:: Material provided

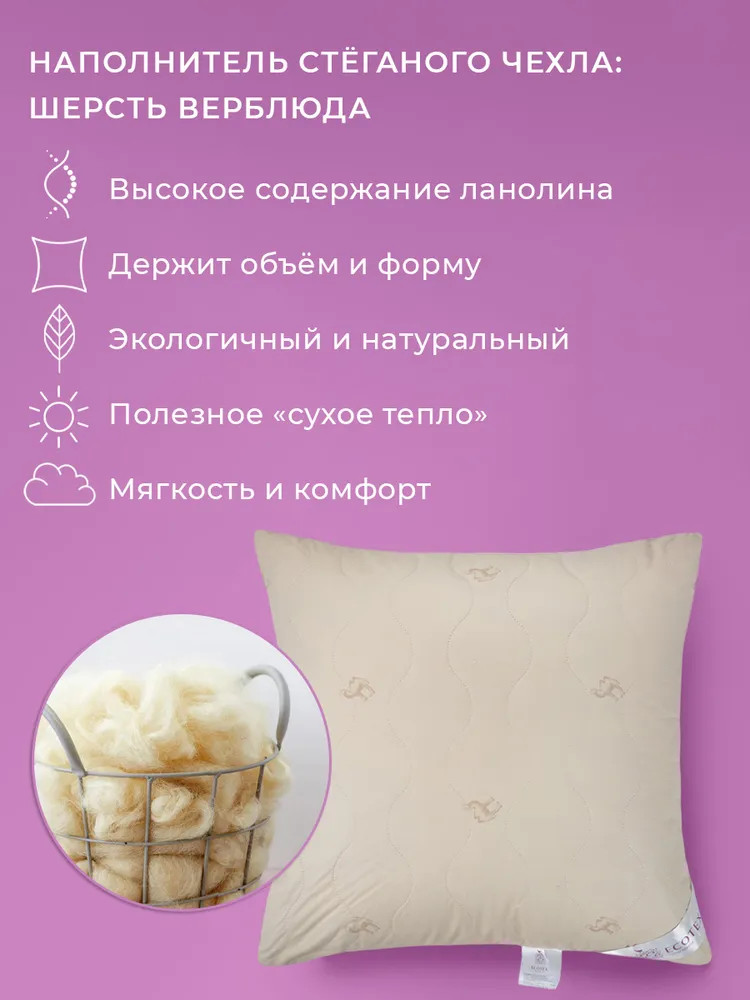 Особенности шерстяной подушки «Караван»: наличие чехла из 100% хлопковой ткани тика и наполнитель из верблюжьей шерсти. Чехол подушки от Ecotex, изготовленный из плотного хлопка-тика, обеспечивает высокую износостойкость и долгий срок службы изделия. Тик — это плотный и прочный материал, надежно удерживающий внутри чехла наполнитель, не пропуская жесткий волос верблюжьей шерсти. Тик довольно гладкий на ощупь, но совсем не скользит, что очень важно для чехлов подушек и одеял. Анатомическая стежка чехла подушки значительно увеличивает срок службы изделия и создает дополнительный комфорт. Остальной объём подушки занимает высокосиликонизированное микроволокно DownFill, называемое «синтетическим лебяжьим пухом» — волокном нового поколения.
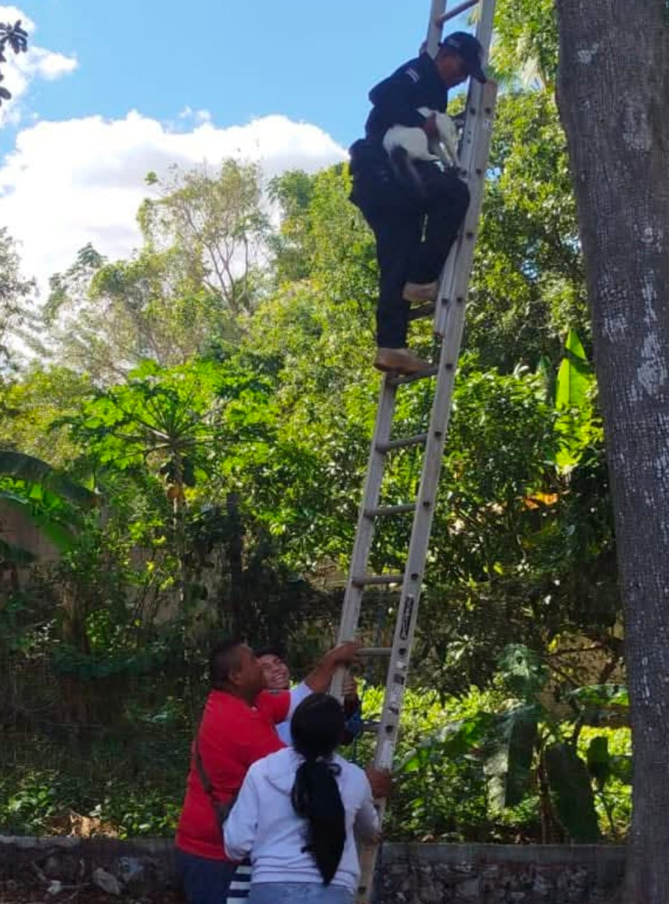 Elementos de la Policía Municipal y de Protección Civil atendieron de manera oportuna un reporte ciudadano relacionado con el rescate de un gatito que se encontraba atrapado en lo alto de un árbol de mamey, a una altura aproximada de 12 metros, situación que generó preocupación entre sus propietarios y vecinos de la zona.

::::
:: Material provided

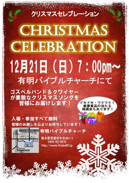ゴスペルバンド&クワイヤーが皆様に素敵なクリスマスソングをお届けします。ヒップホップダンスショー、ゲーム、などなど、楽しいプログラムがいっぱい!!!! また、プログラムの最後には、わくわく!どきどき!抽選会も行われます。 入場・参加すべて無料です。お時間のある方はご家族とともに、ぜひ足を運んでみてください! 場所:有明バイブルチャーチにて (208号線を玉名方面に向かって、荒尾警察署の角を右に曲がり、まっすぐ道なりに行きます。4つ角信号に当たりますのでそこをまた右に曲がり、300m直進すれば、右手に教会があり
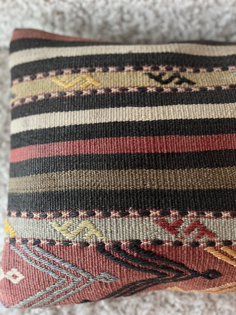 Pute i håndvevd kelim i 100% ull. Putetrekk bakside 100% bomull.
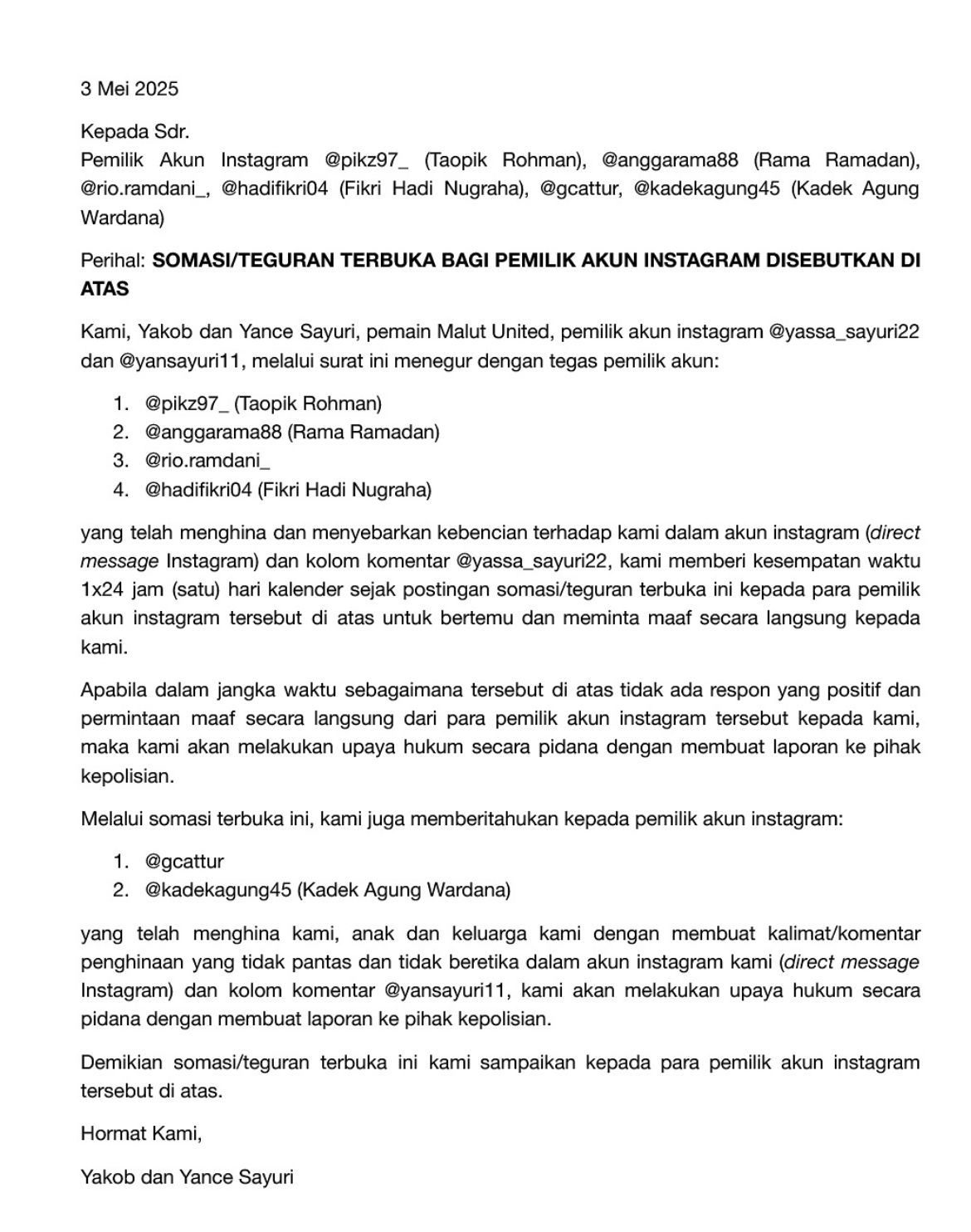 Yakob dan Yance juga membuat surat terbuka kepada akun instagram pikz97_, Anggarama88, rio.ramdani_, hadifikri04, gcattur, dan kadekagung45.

::::

§ **What is expected**
In the data above, find the line with "Особенности шерстяной подушки" and the line with "Elementos de la". Please copy exactly those two lines and every line between them, but not the pictures.

§ **Exercise result**
 Особенности шерстяной подушки «Караван»: наличие чехла из 100% хлопковой ткани тика и наполнитель из верблюжьей шерсти. Чехол подушки от Ecotex, изготовленный из плотного хлопка-тика, обеспечивает высокую износостойкость и долгий срок службы изделия. Тик — это плотный и прочный материал, надежно удерживающий внутри чехла наполнитель, не пропуская жесткий волос верблюжьей шерсти. Тик довольно гладкий на ощупь, но совсем не скользит, что очень важно для чехлов подушек и одеял. Анатомическая стежка чехла подушки значительно увеличивает срок службы изделия и создает дополнительный комфорт. Остальной объём подушки занимает высокосиликонизированное микроволокно DownFill, называемое «синтетическим лебяжьим пухом» — волокном нового поколения.
 Elementos de la Policía Municipal y de Protección Civil atendieron de manera oportuna un reporte ciudadano relacionado con el rescate de un gatito que se encontraba atrapado en lo alto de un árbol de mamey, a una altura aproximada de 12 metros, situación que generó preocupación entre sus propietarios y vecinos de la zona.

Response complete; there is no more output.